La limite est représentée par les peintures sur panneau, dont aucune n'a été conservée sur l'île. L'indice, invoqué à plusieurs reprises à cet égard, de la mention d'une « ycona beatae Virginis » dans l'inventaire des objets en argent, des livres et du mobilier sacré des églises de Santa Cecilia, San Pietro et Santa Maria di Cluso datant du XIIIe siècle à Cagliari, ne prouve pas sa présence ancienne. En fait, rien ne prouve qu'il s'agissait d'une « icône » du début du Moyen Âge et d'origine orientale, car on peut également supposer qu'il a été produit entre le XIIe et les premières décennies du XIIIe siècle en Toscane ou dans le centre de l'Italie.
Cependant, l'absence de nouvelles ne nous autorise pas à nier que la Sardaigne a également connu, comme il est logique de le supposer, l'existence de peintures à bord, importées sinon produites localement. La présence d'une icône mariale est attestée dans la lettre adressée en juillet 599 par le pape Grégoire le Grand à Januarius, évêque de Cagliari.

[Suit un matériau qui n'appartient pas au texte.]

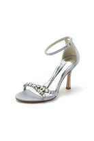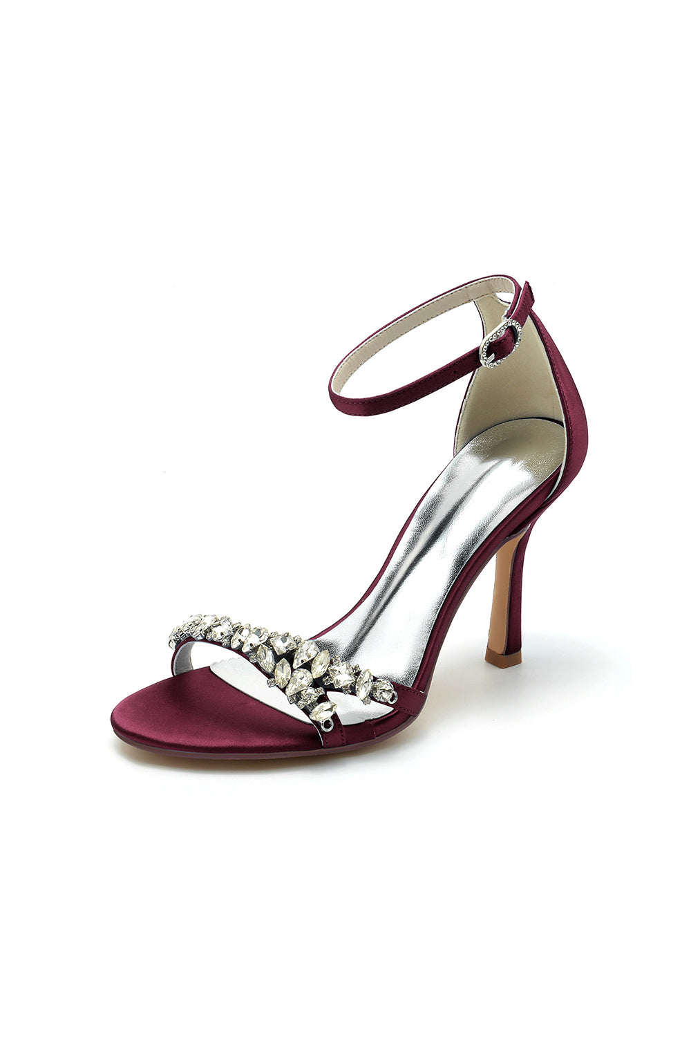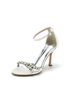 Step into elegance with the stiletto heels, crafted from luxurious satin fabric and adorned with sparkling rhinestones on the front strap. These shoes feature a sleek open-toe design, making them perfect for formal events, weddings, or any special occasion. The adjustable ankle strap with a delicate buckle adds both style and support, while the stiletto heel elevates your look with grace. The artificialleather lining ensures all-day comfort, and the durable rubber sole provides traction for confident steps. Whether paired with a cocktail dress or evening gown, these heels are designed to make a statement.

Après avoir accepté les protestations de la communauté juive concernant l' « imaginem genetricis Dei dominique Nostro » placé le dimanche de Pâques par ce Pierre, récemment converti au christianisme, dans la synagogue de Cagliari, avec une croix et des reliques de son baptême, le souverain pontife ordonne le retrait de l'autel et le retour au culte légitime.
D'un point de vue quantitatif, la documentation ne fait état d'aucune augmentation significative en ce qui concerne les sols en mosaïque et les enduits peints. Peu de lacérations ou d'épisodes individuels subsistent, présentent de graves problèmes et sont donc encore largement inédits ou doivent être étudiés à l'aide de méthodologies spécifiques visant à leur définition historique, iconographique et technico-formelle.
Cela vaut notamment pour l'émergence qualitative des peintures du « Tombeau du Tête », une domus de Janas refonctionnalisée en lieu de sépulture puis en église chrétienne, incluse dans la nécropole de Sant'Andrea Priu dans la campagne de Bonorva. Les plus anciennes de la chambre intermédiaire pourraient être datées du premier quart du VIe siècle ; celles de la chambre la plus intérieure datent de la seconde moitié du VIIIe siècle.